# Memorial Day is coming up



## Ruthanne (May 22, 2016)

Last year we had a cook out here at the apt. place and then on the other day I had my brother and his wife over for dinner.  Are you doing anything this Memorial Day or is it just another day to you?


----------



## Guitarist (May 22, 2016)

Just another day. After it was changed to Monday it meant a 3-day weekend off work, but now it's just another day.  Actually it probably meant more as a hoilday when it came by itself instead of just being added onto a weekend.  Extra day off, if I remember correctly, but I was just out of school when it changed and school always ended on Memorial Day anyway. 

We observed it by going out to eat barbecue and maybe watermelon.


----------



## Ruthanne (May 22, 2016)

Well, that sounds good!


----------



## squatting dog (May 23, 2016)

Ruthanne said:


> Last year we had a cook out here at the apt. place and then on the other day I had my brother and his wife over for dinner.  Are you doing anything this Memorial Day or is it just another day to you?



Sad part is to most people it's just another day. Not always the case though. Please keep them in your prayers.


----------



## Ruthanne (May 23, 2016)

I have a lot of people to remember on Memorial Day.


----------



## Sweetpea (May 23, 2016)

Memorial weekend for us is a lot of going to cemeteries in and out of town. On my side I am the only one that decorates, as my family is very small.

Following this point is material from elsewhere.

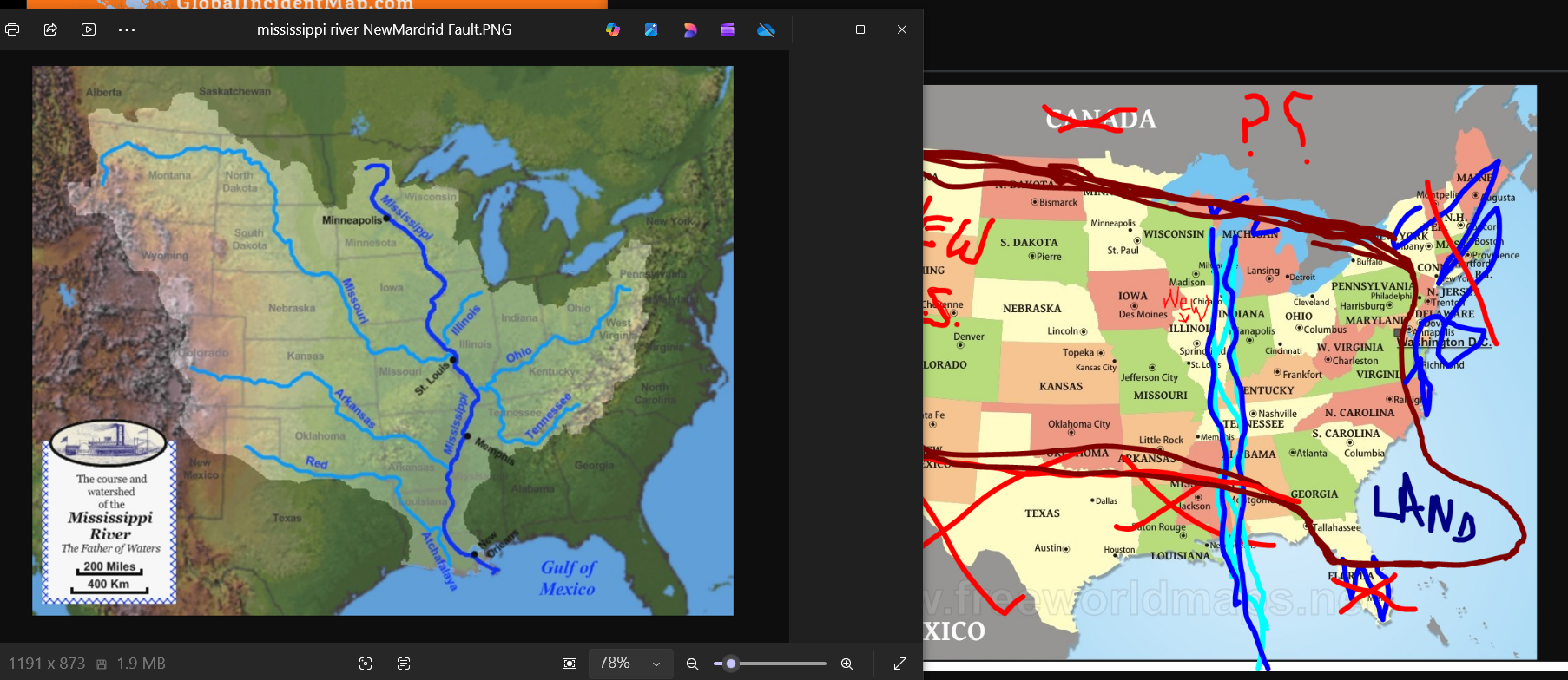 Notice the Mississippi river is in Minnesota and ends up in around Louisiana. The new prediction map shows it starting right under the Great Lakes and moving straight down to the gulf through Mississippi and Alabama. Adding a second Mississippi river several hundred miles to the East. Or what would be more devastating is if it combines with the existing Mississippi River and washes out all the land in between.

My first husband was killed in a airplane crash when he was 32 yrs. old so as long as I can, I will make sure my family has flowers.  We have 4 cemeteries to go to.  So for me it is a bit of a sad time.


----------



## Ruthanne (May 23, 2016)

Sweetpea said:


> Memorial weekend for us is a lot of going to cemeteries in and out of town. On my side I am the only one that decorates, as my family is very small. My first husband was killed in a airplane crash when he was 32 yrs. old so as long as I can, I will make sure my family has flowers.  We have 4 cemeteries to go to.  So for me it is a bit of a sad time.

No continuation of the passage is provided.